To evaluate differences in pretreatment urinary and sexual function in two population-based cohorts of men with prostate cancer enrolled nearly 20 yr apart.
Design, setting, and participants
Patients were enrolled in the Prostate Cancer Outcomes Study (PCOS) or the Comparative Effectiveness Analysis of Surgery and Radiation (CEASAR) study, two population-based cohorts that enrolled patients with incident prostate cancer from 1994 to 1995 and from 2011 to 2012, respectively. Participants completed surveys at baseline and various time points thereafter.

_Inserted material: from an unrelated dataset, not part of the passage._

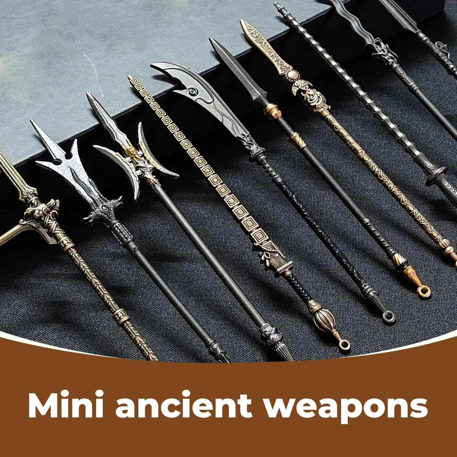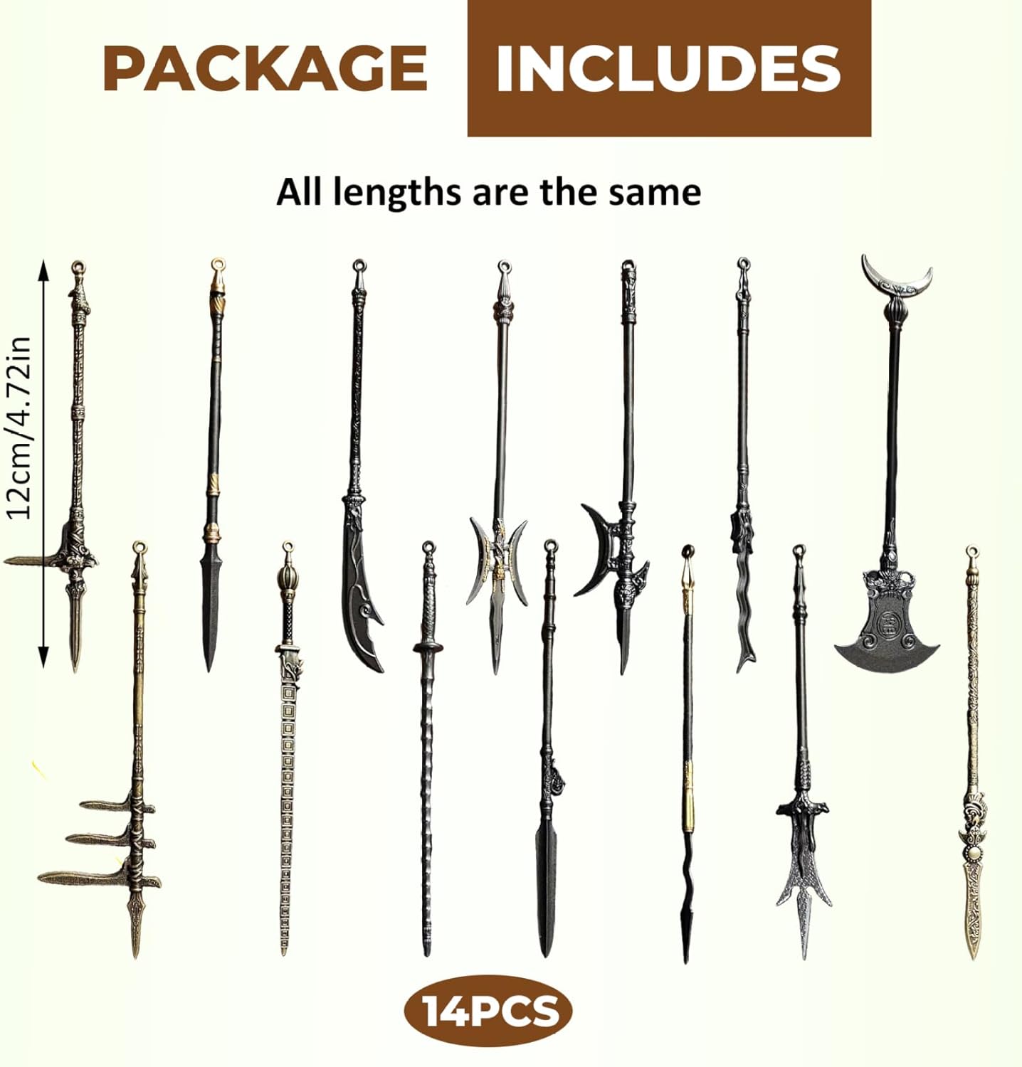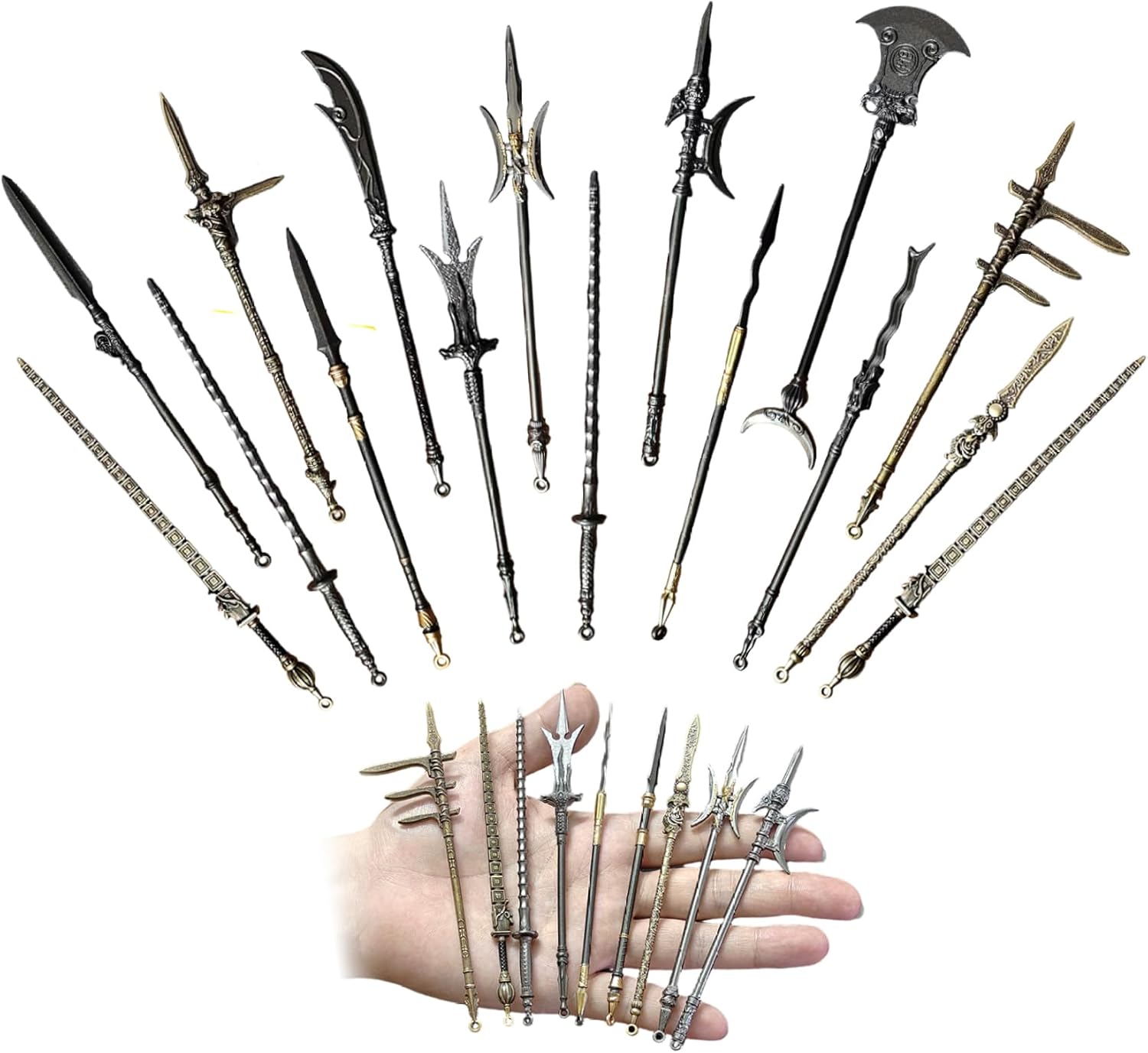 Dimensione compatta e da collezione: ogni arma misura circa 5 pollici, rendendole facili da visualizzare, archiviare o trasportare..Perfetto per collezionisti, appassionati o come antipasti di conversazione unici. Varietà di armi antiche: questo set da 14 pezzi include una selezione diversificata di mini armi come Lance, Halberd, Spear, Dagger-Asse e altro, catturando l'essenza del design storico di combattimento. Artigianato dettagliato e realistico: ogni pezzo presenta trame finemente incise e forme di ispirazione storicamente, rendendo questo set un'aggiunta straordinaria a qualsiasi collezione fantasy, storica o in miniatura. Build in lega di zinco: realizzate in lega di zinco di qualità, queste armi in miniatura sono sia leggere che molto robuste, offrendo valore duraturo senza compromettere i dettagli dall'aspetto autentico. Perfetto per gli appassionati: ideale per i fan della storia, della fantasia o delle antiche armi, questo set rende creativo e ponderato per compleanni, vacanze o come display da scrivania decorativa.

Outcome measurements and statistical analysis
We performed multivariable logistic and linear regression analysis to investigate differences in pretreatment function between studies.
Results and limitations
The study comprised 5469 men of whom 2334 (43%) were enrolled in PCOS and 3135 (57%) were enrolled in CEASAR. Self-reported urinary incontinence was higher in CEASAR compared with PCOS (7.7% vs 4.7%; adjusted odds ratio [OR]: 1.83; 95% confidence interval [CI], 1.39–2.43). Similarly, self-reported erectile dysfunction was more common among CEASAR participants (44.7% vs 24.0%) with an adjusted OR of 3.12 (95% CI, 2.68–3.64). Multivariable linear regression models revealed less favorable self-reported baseline function among CEASAR participants in the urinary incontinence and sexual function domains. The study is limited by its observational design and possibility of unmeasured confounding.
Conclusions
Reporting of pretreatment urinary incontinence and erectile dysfunction has increased over the past two decades. These findings may reflect sociological changes including heightened media attention and direct-to-consumer marketing, among other potential explanations.
Patient summary
Patient reporting of urinary and sexual function has evolved and is likely contingent on continually changing societal norms. Recognizing the evolving nature of patient reporting is essential in efforts to conduct high-quality, impactful comparative effectiveness research.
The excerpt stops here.